L’acting out se définit par un acte impulsif en lien avec la dynamique relationnelle. Porot (1969) le définit comme un passage à l’acte réservé aux actes violents et agressifs à caractère impulsif et délictueux. Pour lui, le terme de « passage à l’acte » correspond plutôt à l’agir, c’est-à-dire à l’ensemble des actes, de l’impulsif aux conduites organisées.
Dans les éléments qui, conjugués entre eux favorisent cet acting out selon Vercier (1938), nous retrouvons l’infantilisme psychique, la faiblesse du jugement, le défaut d’autocritique, l’absence de gestion des émotions. Tardif (1998) y ajoute l’alexithymie, c’est-à-dire une incapacité à développer une activité symbolique, par l’inhabilité à mettre en mots et à différencier émotions et sensations corporelles et par un appauvrissement de la vie fantasmatique/phantasmatique ( on distingue « fantasme » qui est un scénario imaginaire où le sujet est présent et qui figure, d'une façon plus ou moins déformée par les processus défensifs, l'accomplissement d'un désir et, en dernier ressort, d'un désir inconscient et « phantasme » qui désigne le fantasme inconscient). « Le problème de l’alexithymique ne réside pas dans la propension à décharger les émotions mais dans l’impossibilité de tolérer les affects et les informations significatives qui y sont liés, ce qui génère une incapacité à élaborer ce qu’il ressent » (Tardif, 1998).
Ce mode de fonctionnement primaire caractérise une incapacité à freiner l’impulsivité, à tolérer la frustration. C’est prendre un raccourci entre ressenti et comportement, ce qui évite de passer par une phase d’élaboration intellectuelle, trop coûteuse, trop vorace en énergie.
En compensation de cet acting out, c’est un sentiment d’impunité, d’omnipotence, de toute puissance mais il s’agit en arrière-plan d’une réactualisation des conflits internes avec une compulsion de répétition. C’est un mode d’expression d’enfant en bas âge envahi par la honte, le désespoir, et l’incapacité de résilience… leurs tensions psychologiques sont déplacées vers des voies moins coûteuses en énergie, en effort, en remise en question…
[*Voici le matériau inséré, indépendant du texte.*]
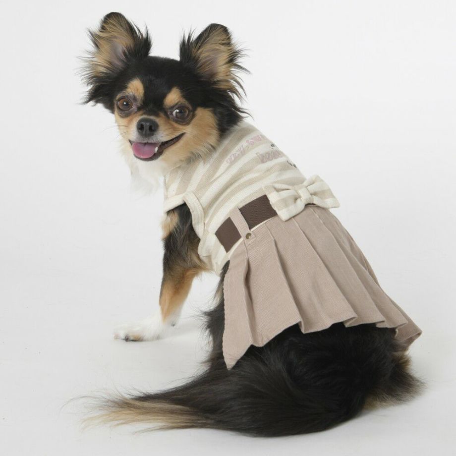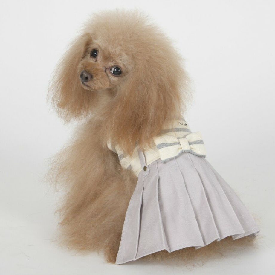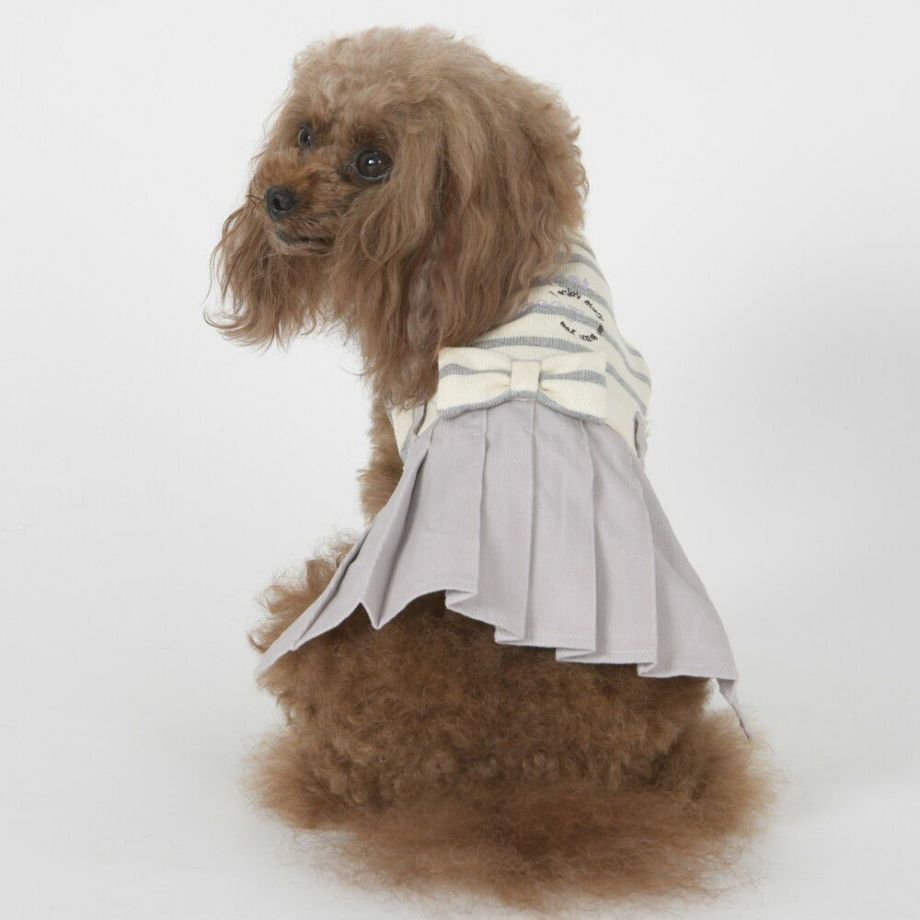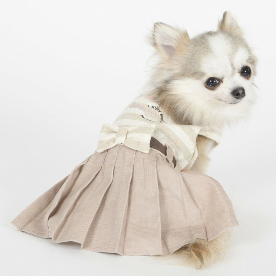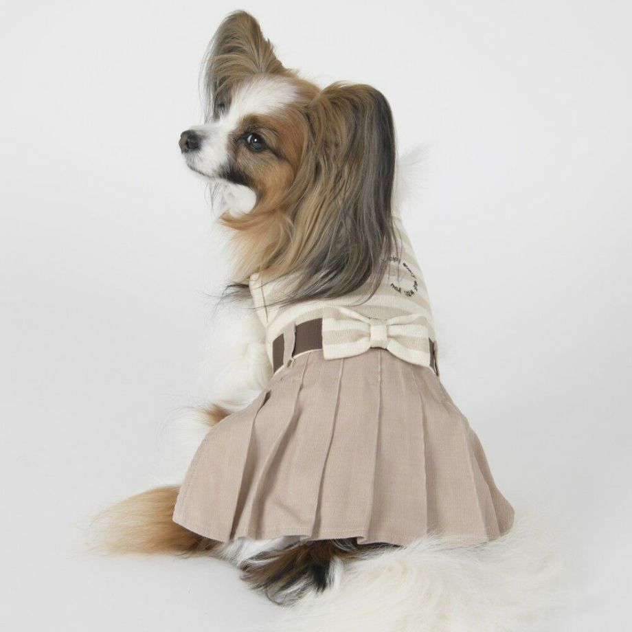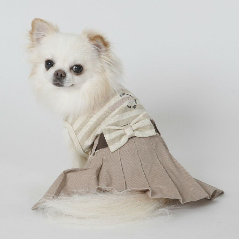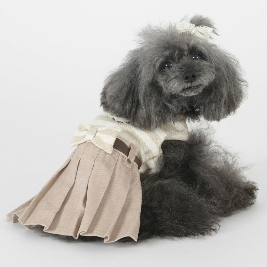 コーデュロイのプリーツ加工がおしゃれで可愛く、落ち着きがあるナチュラルカラーのボーダーを合わせる事により、シックで落ち着いた雰囲気に。
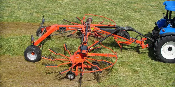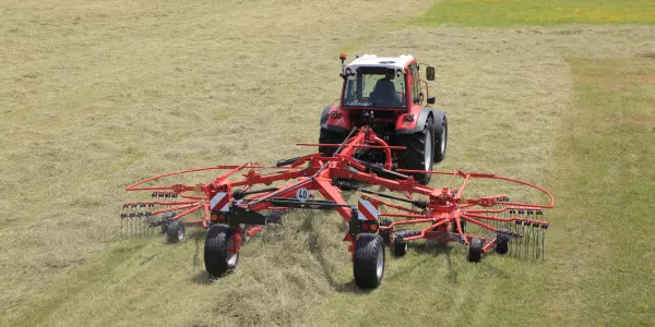 GA 6501 and GA 7501+ twin rotor rakes deliver central swaths. They work between 5.65 m and 7.40 m. Their raking quality is impressive and they produce perfect swaths for fast dry-down.
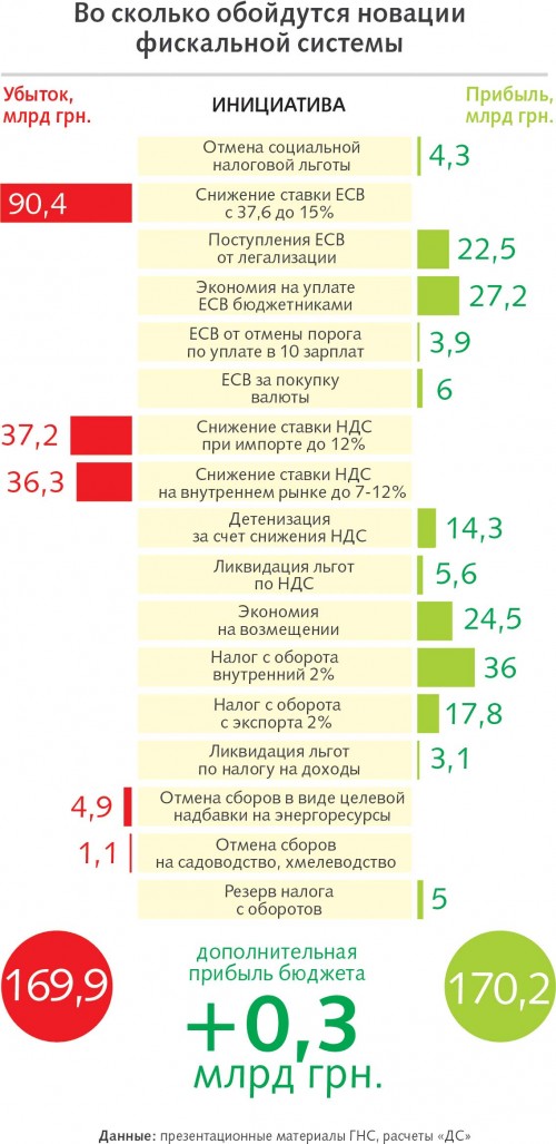 Новации, по подсчетам ГНС, могут уменьшить поступления в бюджет на 73,5 млрд грн. Компенсировать эти потери предполагается за счет полной ликвидации практически всех льгот (в том числе и для "упрощенцев"), а также внедрения более прозрачного налога с оборота. "Эти предложения автоматически уничтожат всю систему единого налога, а вместе с ним и сотни тысяч легальных рабочих мест. Кроме того, из-за введения обязательного для всех НДС сразу подорожают целые группы социально значимых товаров", — подчеркивает глава Всеукраинского объединения предпринимателей малого и среднего бизнеса "Фортеця" Оксана Продан.
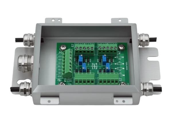 Our AJB-015 is a 4 channel load cell summing card housed in an Stainless Steel enclosure. Trimming of signal output is accomplished with multi-turn trim pots.
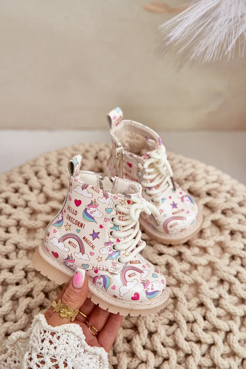 Dětské Zateplené Kotníkové Boty Se Zipem Jednorožci Béžové Tiptop
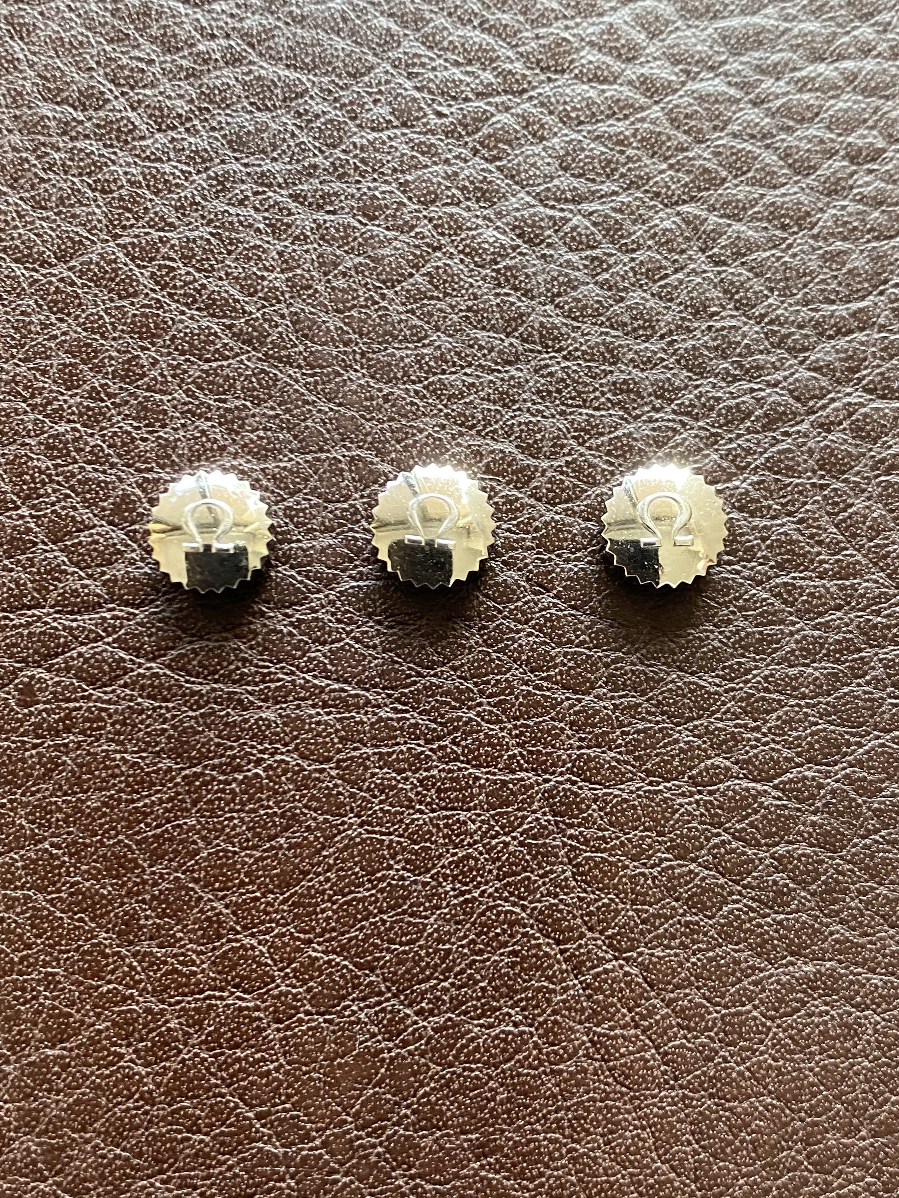 ·For sale are three 24 tooth, flat foot logo vintage Omega crowns. Two are for early Seamaster 300s and one is for early Railmasters. Details are below, and feel free to message me with questions.
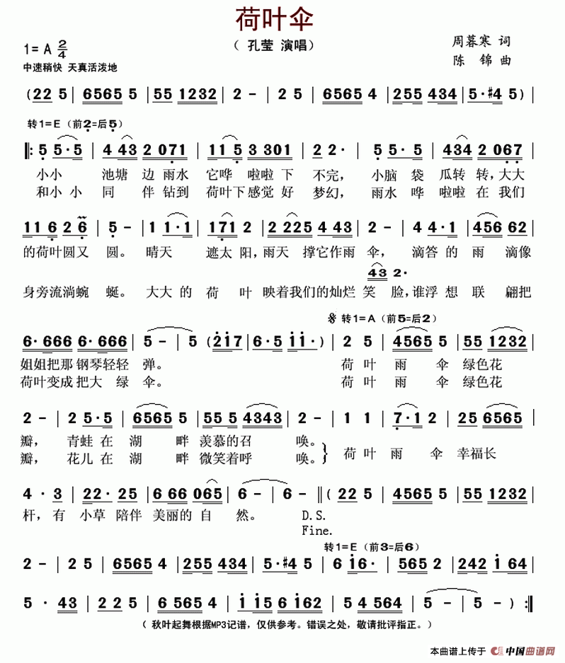 荷叶伞简谱 秋叶起舞个人制谱园地 中国曲谱网
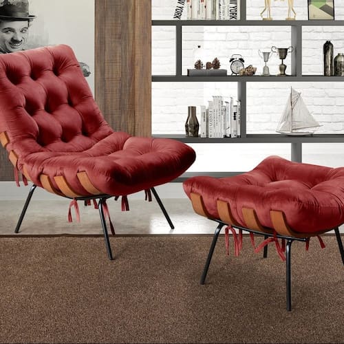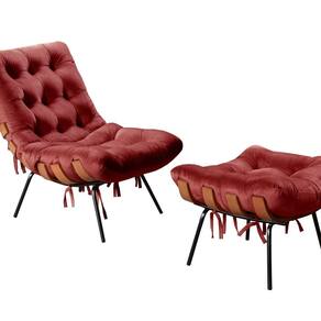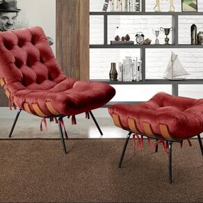 Itens inclusos: 1 Poltrona 1 Puff já montados e prontos para uso. Acompanha Almofadas extras: Não Acompanha Puff: Sim Almofada do assento: Não Possui Almofada do encosto: Não Possui Altura do assento até o chão: 50 Altura do Encosto: 85 Ambiente Principal: Sala de Estar Complexidade da Montagem: Baixa: pode ser montado por uma pessoa sozinha Cor: Bordô Cor do Produto: Bordô Design Assinado: Sim Encosto para a Cabeça: Não Estampado: Não Extensível: Não Itens Inclusos: 1 Poltrona, 1 Puff, Kit Ferragens Linha ou Coleção: Costela Material dos Pés: Madeira Eucalípto Modelo de Poltrona: Fixo Necessita Montagem: Sim Origem do Produto: Nacional Peso: 24 kg Possui Percintas Elásticas: Não Possui Pés: 04 Possui Rodízio: Não Recomendações de Uso, Manutenção e Limpeza: Limpeza e cuidados: pode ser utilizado aspirador de pó, escova com cerdas macias ou limpeza a seco. Não utilizar produtos químicos, abrasivos ou limpeza a vapor. Evitar exposição prolongada ao sol. Sistema de Montagem: Apenas Colocar os pés Suporta Até (kg): 120 Tecido Predominante: Suede Tipo de Assento: Fixo Tipo de Encosto: Fixo Tipo de Poltrona: Decorativa
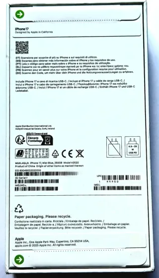 Teléfono móvil iPhone 17 en color azul. Comprado para un regalo que finalmente no se hizo. Sin usar. Factura del corte inglés del 13/02/26
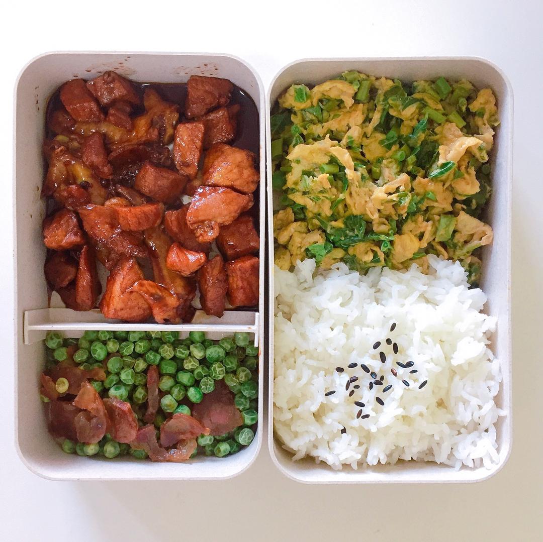 红烧肉➕香椿炒蛋➕腊肠炒青豆。
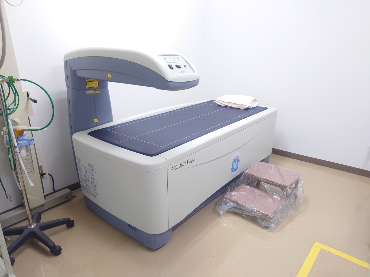 腰椎や股関節の骨塩量(骨の密度)を定量的に測定します。誤差が少なく、短時間で測定でき、放射線の被ばく量も少ないという利点がある二重X線エネルギーを用いるDEXA(Dual Energy X-ray Absorptiometry)法で撮影しています。DEXA法は骨量測定の標準方法として重視され、骨粗しょう症の精密検査や、骨粗しょう症の治療効果の経過観察、また骨折の危険性予測に有用なものとなっています。
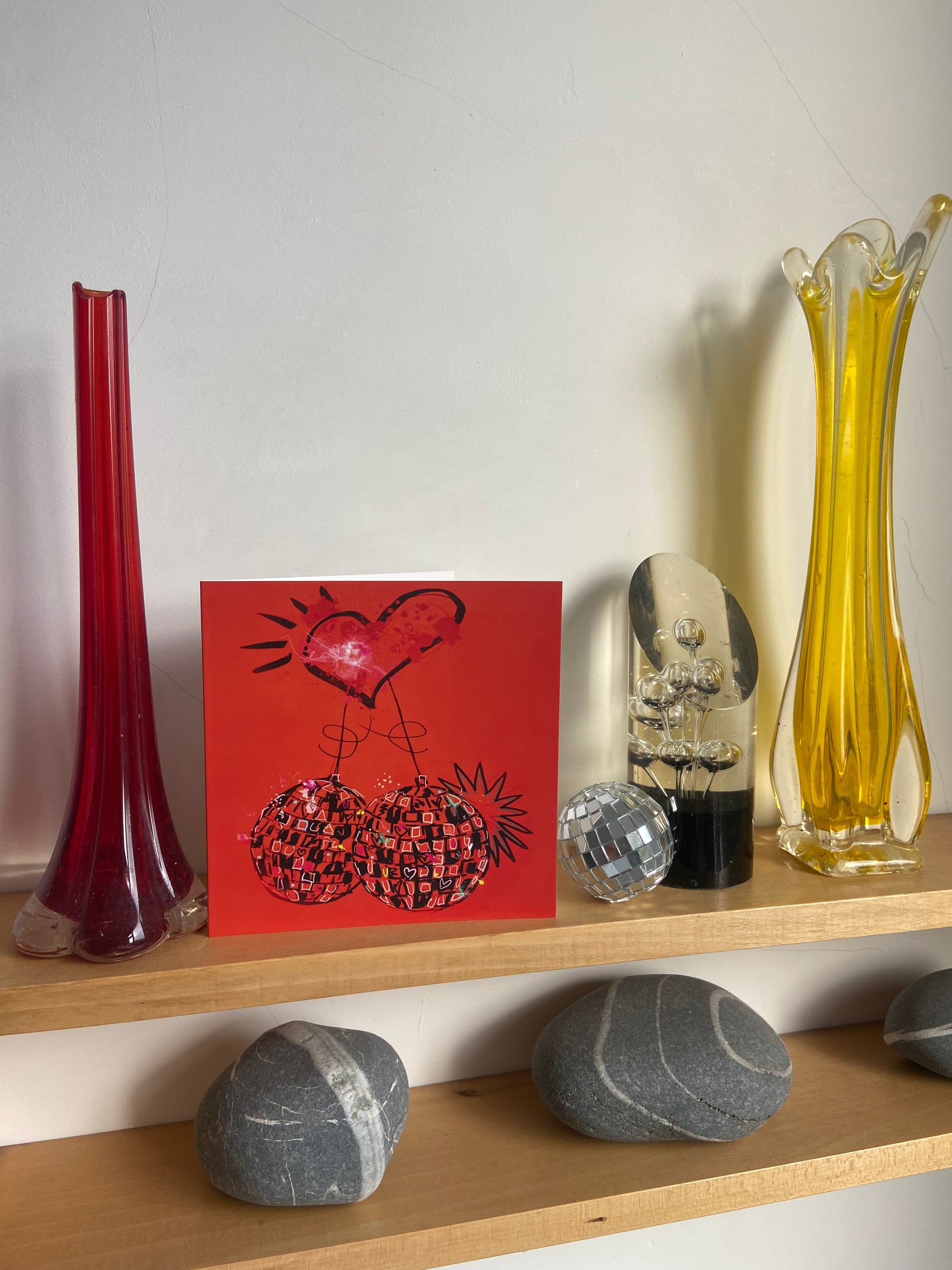 A little bit cheeky, a little bit fun. A lovely, gleaming pair of disco balls. Getting all red and ready for happy times , yes I love a love heart and yes I love a discoball.
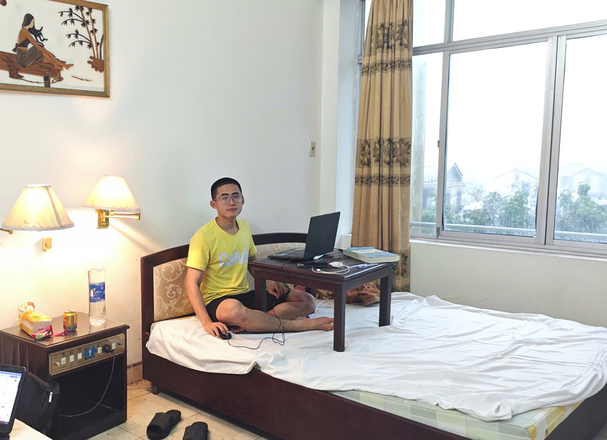 Sinh viên Cao Anh Khoa – một trong những người dân cư trú tránh lụt tại Nhà khách Điện lực
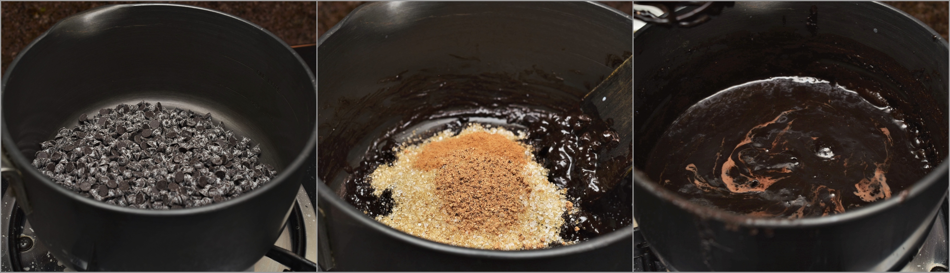 Step 2: Melt the chocolate chips in a saucepan. Keep the gas in low flame. Add sugar, cinnamon, nutmeg powder and whisk it gently. Add milk and continuously keep whisking. Don’t pour the entire milk at a time, add 3-4 tablespoons first, check the consistency and add more milk if required. Within 3-5 minutes, once it starts boiling, turn the gas off.
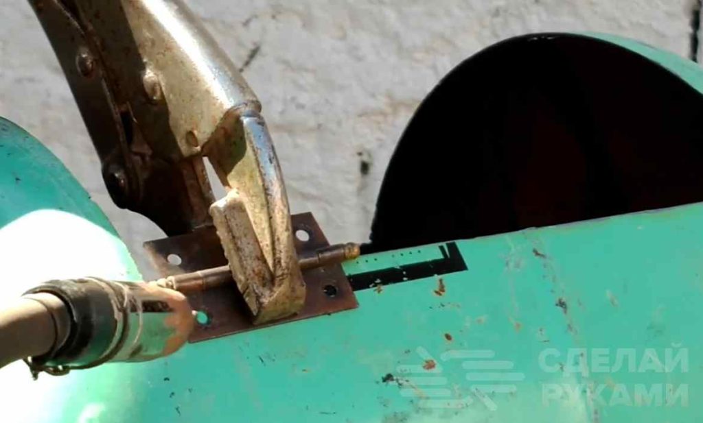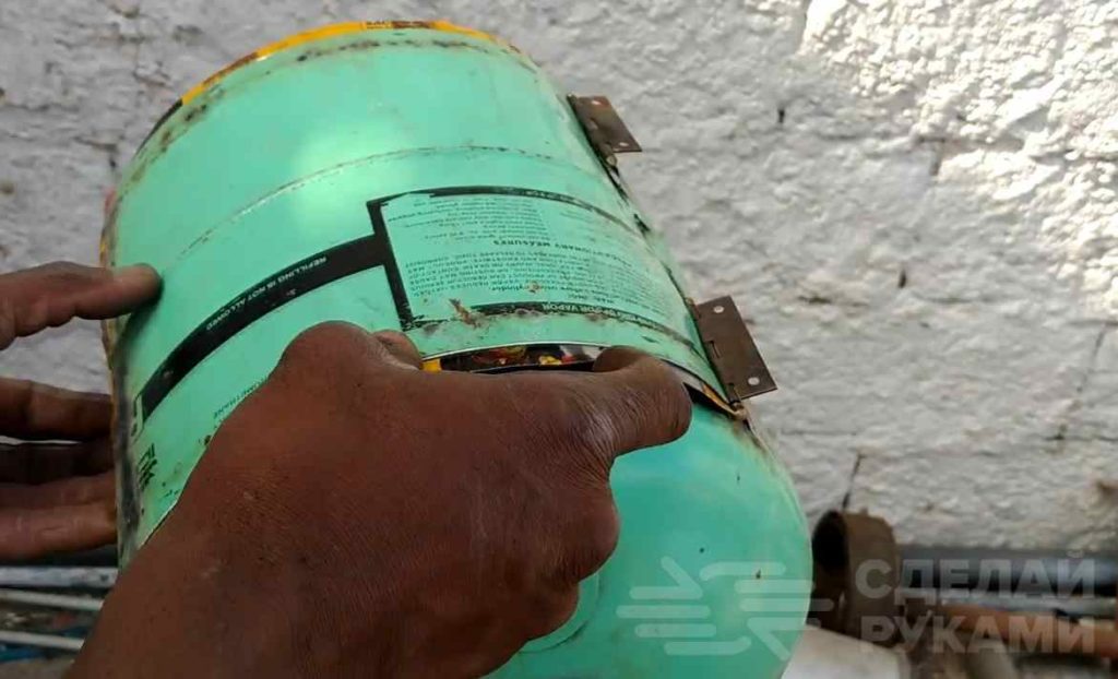 Перед этим к самой дверце по бокам мастер приваривает две металлические полосы, чтобы она не проваливалась внутрь баллона.

Ces individus qui font de l’acting out leur mode d’expression courante, cachent des squelettes émotionnels (voire pire) dans un placard qu’ils ne veulent surtout pas ouvrir. Pas très valorisant mais lorsque l’éducation fait montre d’un manque flagrant de limite et d’obligation, de la dévalorisation du débat contradictoire et d’une absence totale de la recherche de sources fiables, il ne faut pas s’étonner. Le goût de l’effort devrait être un pilier dans l’éducation, et nous sommes tous acteurs de nos vies…
« Le recours à l’acte, à la violence, est une réalisation narcissique de puissance pour échapper à la menace de vide narcissique créée par la captation spéculaire. Le retournement de la passivité en activité et, inversement, la cyclicité de ces processus se réfèrent à une angoisse de passivation et d’anéantissement, l’acte criminel sauvant d’un effondrement insupportable » (Balier, Zagury, Meloy).
Sources :
Raoult, P.-A. (2006). Clinique et psychopathologie du passage à l'acte. Bulletin de psychologie, Numéro 481(1), 7-16. https://doi.org/10.3917/bupsy.481.0007.
Vercier (V.). – Les états de déséquilibre mental, Thèse de médecine, Paris, 1938.
Tardif (Monique). – Le déterminisme de la carence d’élaboration psychique dans le passage à l’acte, dans Millaud (F.), Le passage à l’acte. Aspects cliniques et psychodynamiques, Paris, Masson, 1998, p. 25-40.